→ TO DO
With pictures left out, write out exactly every line from the start of the data through the one that contains "Bueno, ahora sí, ve".

→ RECORDS FOR THE TASK

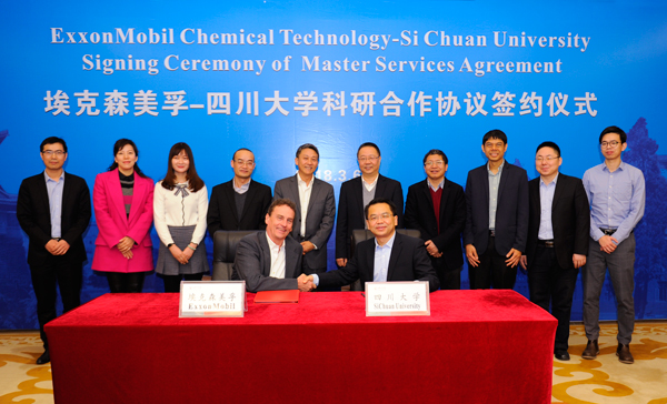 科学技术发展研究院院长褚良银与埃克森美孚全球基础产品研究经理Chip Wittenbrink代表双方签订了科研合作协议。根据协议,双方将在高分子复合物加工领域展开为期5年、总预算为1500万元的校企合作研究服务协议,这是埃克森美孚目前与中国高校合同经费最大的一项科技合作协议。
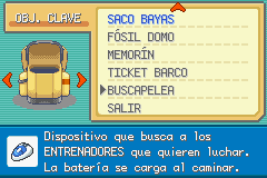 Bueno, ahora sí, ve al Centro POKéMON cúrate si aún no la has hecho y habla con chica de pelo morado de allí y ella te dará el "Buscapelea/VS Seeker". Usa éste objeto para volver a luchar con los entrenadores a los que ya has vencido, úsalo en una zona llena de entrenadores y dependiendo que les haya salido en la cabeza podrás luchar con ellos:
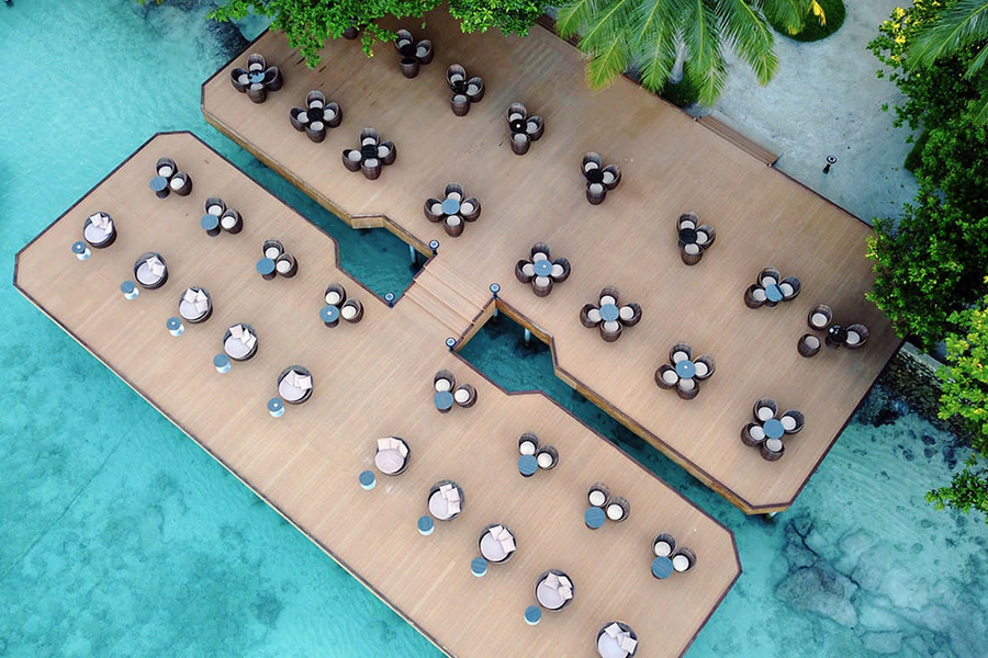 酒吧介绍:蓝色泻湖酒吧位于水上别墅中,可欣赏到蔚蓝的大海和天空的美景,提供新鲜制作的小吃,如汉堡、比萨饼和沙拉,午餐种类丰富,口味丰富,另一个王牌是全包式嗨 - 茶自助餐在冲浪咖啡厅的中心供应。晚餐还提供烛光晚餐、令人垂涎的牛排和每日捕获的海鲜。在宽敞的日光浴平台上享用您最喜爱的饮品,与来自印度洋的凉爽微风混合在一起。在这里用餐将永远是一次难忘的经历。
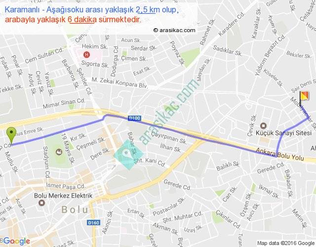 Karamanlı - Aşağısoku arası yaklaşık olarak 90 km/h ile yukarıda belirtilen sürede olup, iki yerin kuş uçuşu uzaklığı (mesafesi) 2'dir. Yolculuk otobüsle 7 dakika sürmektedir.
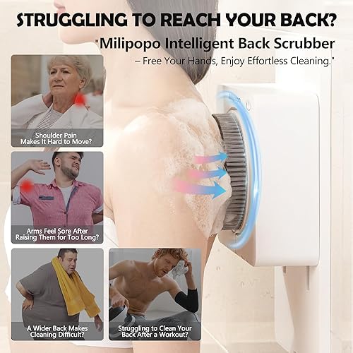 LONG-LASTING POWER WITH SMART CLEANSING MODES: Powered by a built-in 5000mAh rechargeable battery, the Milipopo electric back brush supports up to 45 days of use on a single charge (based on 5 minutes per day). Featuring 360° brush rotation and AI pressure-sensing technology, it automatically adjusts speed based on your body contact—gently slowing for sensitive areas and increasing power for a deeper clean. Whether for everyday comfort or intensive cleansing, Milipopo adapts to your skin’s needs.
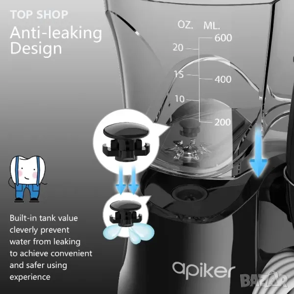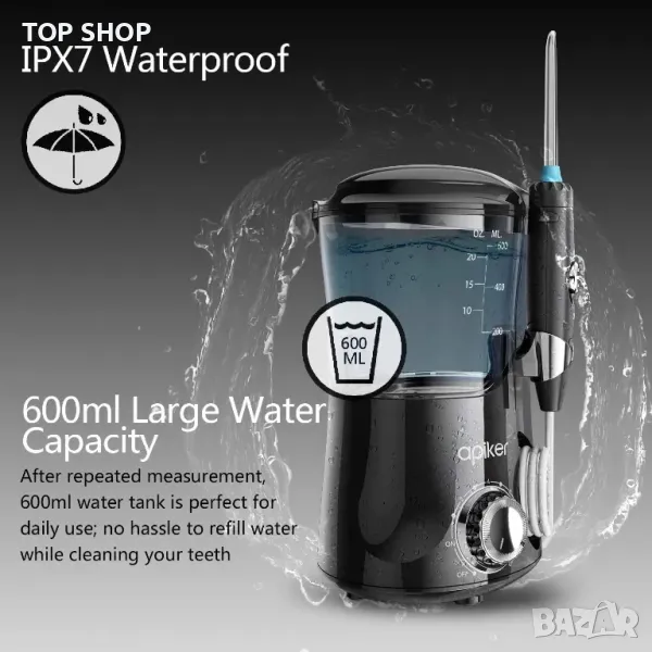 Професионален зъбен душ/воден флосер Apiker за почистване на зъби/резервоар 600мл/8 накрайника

→ RESPONSE
 科学技术发展研究院院长褚良银与埃克森美孚全球基础产品研究经理Chip Wittenbrink代表双方签订了科研合作协议。根据协议,双方将在高分子复合物加工领域展开为期5年、总预算为1500万元的校企合作研究服务协议,这是埃克森美孚目前与中国高校合同经费最大的一项科技合作协议。
 Bueno, ahora sí, ve al Centro POKéMON cúrate si aún no la has hecho y habla con chica de pelo morado de allí y ella te dará el "Buscapelea/VS Seeker". Usa éste objeto para volver a luchar con los entrenadores a los que ya has vencido, úsalo en una zona llena de entrenadores y dependiendo que les haya salido en la cabeza podrás luchar con ellos:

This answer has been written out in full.